Online-Petition gegen Stillverbot in Prenzlauer Berg

Was mussten die berühmten Latte-macchiato-Mütter vom Prenzlauer Berg nicht schon alles an Zuschreibungen erdulden: verstopfen mit ihren Luxuskarren für den Nachwuchs die Gehwege und stören mit ihren verzogenen Gören in den Cafés das Kaffeekränzchen der tatsächlich immer weniger gewordenen, tapfer verbliebenen Nicht-Eltern im Kiez. Außerdem trinken sie den ganzen Tag Kaffee mit Milchschaum, weil sie zu viel Zeit und zu viel Geld haben. Weshalb sie auch für die steigenden Mieten verantwortlich sind und für das Verschwinden der Clubs, wahrscheinlich auch für das schlechte Wetter von morgen. Und wenn sie nicht Kaffee mit Milchschaum trinken, machen sie Yoga, und dass sie bloß Bio kaufen, passt da ins Bild und ist auch nicht recht.

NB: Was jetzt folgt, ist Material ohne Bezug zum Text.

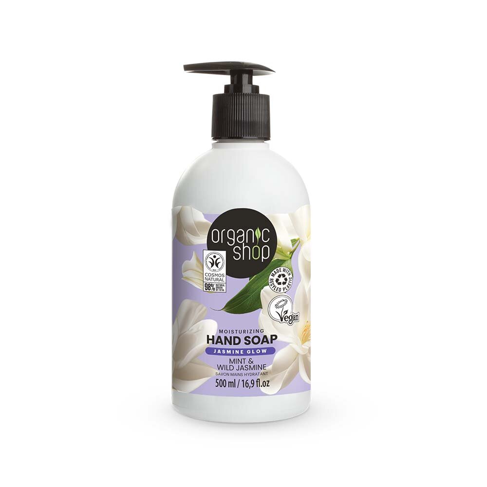 Organic Shops Handtvål Jasmin & Mint är en fuktgivande handtvål med ekologisk mynta- och jasminextrakt, tvålen ger näring och mjukgör händerna.
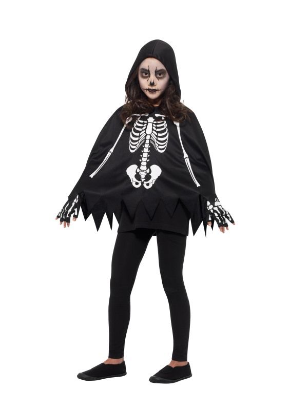 Dětský kostým - Kostlivec. Součástí je plášť s kapucí a rukavice. UNI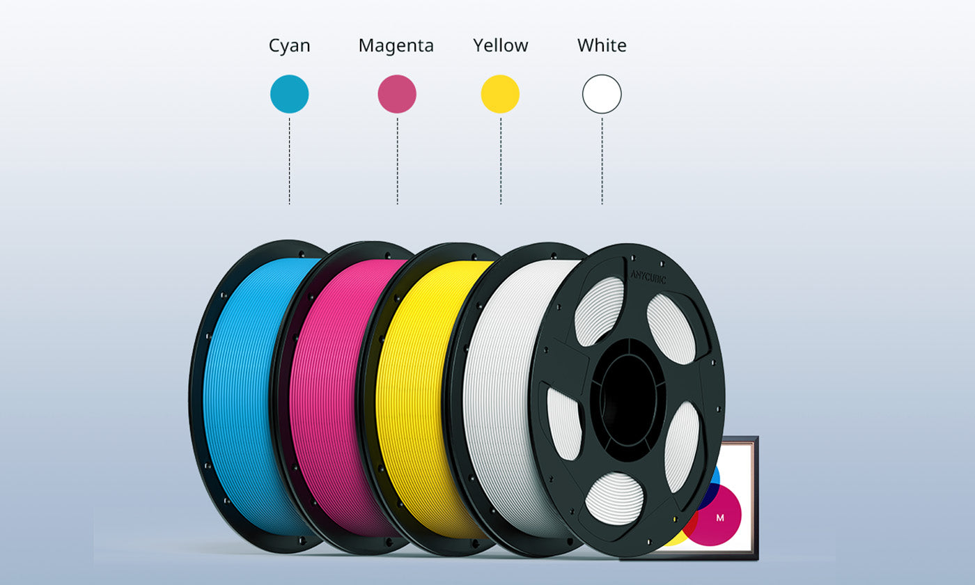 Le filament CMYK translucide Anycubic utilise le cyan, le magenta, le jaune et le blanc pour produire des impressions multicolores époustouflantes avec l'ACE Pro. En tirant parti du principe du mélange des couleurs translucides, les couches de filament qui se superposent se mélangent pour créer de nouvelles couleurs. En ajustant les proportions des quatre couleurs, vous pouvez générer plus d'un million de combinaisons de couleurs uniques à la lumière.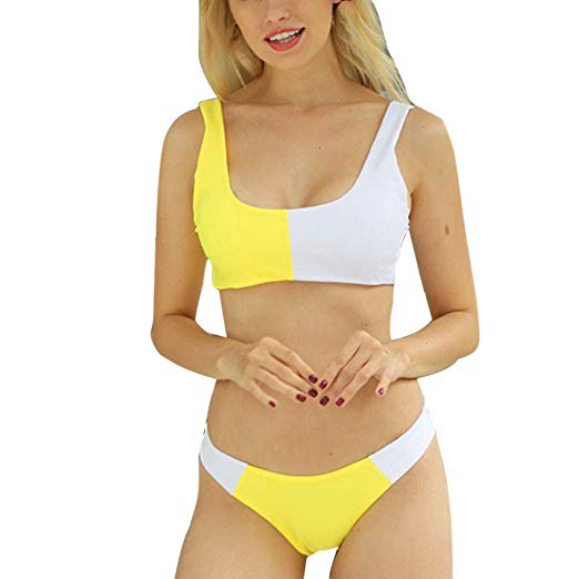 Mikilon Women’s Wide Strap Bandeau Solid Color Block High Cut Bikini Set Two Piece Swimsuit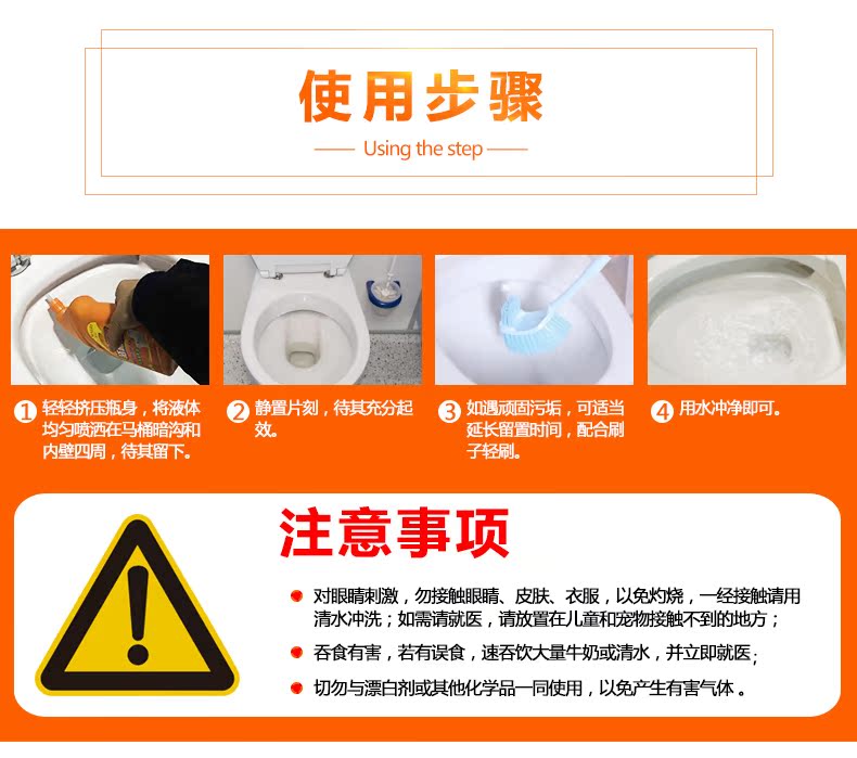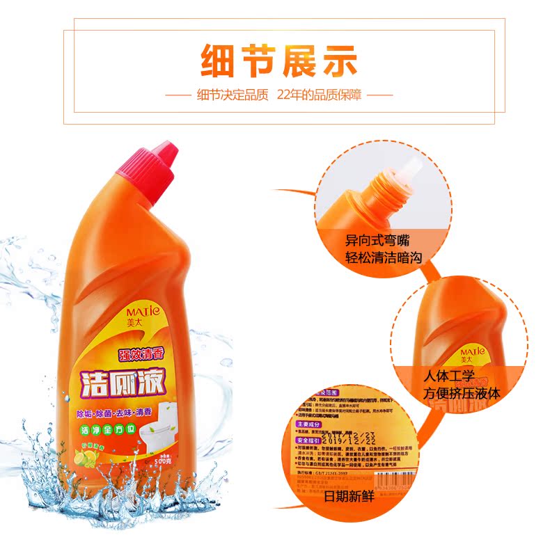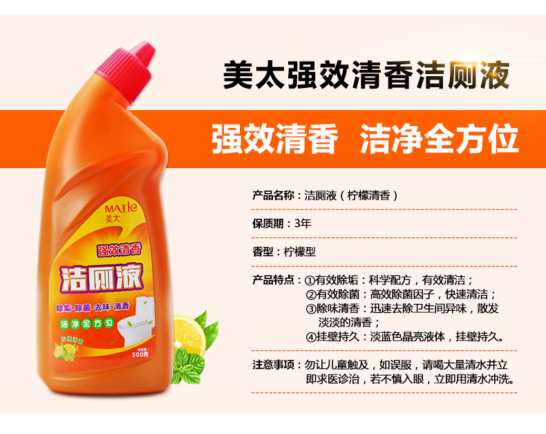 美太洁厕液500ml*3瓶厕所马桶洁厕灵卫生间瓷砖尿垢清洁

Zu Recht: Dass das Klischeebild der Prenzlauer Berger Mutter meistens der Wahrheit entspricht, kann schon nerven – und auch die Online-Petition der Mutter, die sich gegen das angebliche Verbot des Stillens ihres drei Monate alten Sohnes in einem Café an der Schönhauser Allee wehrt, passt natürlich wunderbar in dieses Bild: Hämische Kommentare à la „hysterische Latte-macchiato-Mutter mit zu viel Zeit“ waren der Frau sicher.

Geschenkt. Denn jenseits der schon zu oft geführten Mütter-vom-Prenzl’berg-Diskussion zeigt die Debatte um die Onlinepetition auch: Es ist doch erstaunlich, welche Reaktionen die nackte Brust einer stillenden Mutter immer noch auszulösen vermag. „Ehrlich gesagt möchte ich auch nicht die nackte Brust einer Frau sehen, wenn ich meinen Kaffee (möglicherweise mit Milch) trinke, schreibt ein männlicher Face­book-User auf der Seite der Kampagne. Und der Wirt des Cafés an der Schönhauser Allee verweist auf den Umstand, dass „Gäste aus anderen Kulturkreisen“ anwesend gewesen wären.

Fragt sich eigentlich nur noch, wer da den Prenzlauer Berg jetzt piefiger und reaktionärer macht: die wohlsituierten Mütter mit zu viel Zeit und Kaffeedurst – oder diejenigen, die eine stillende Frau unappetitlich finden.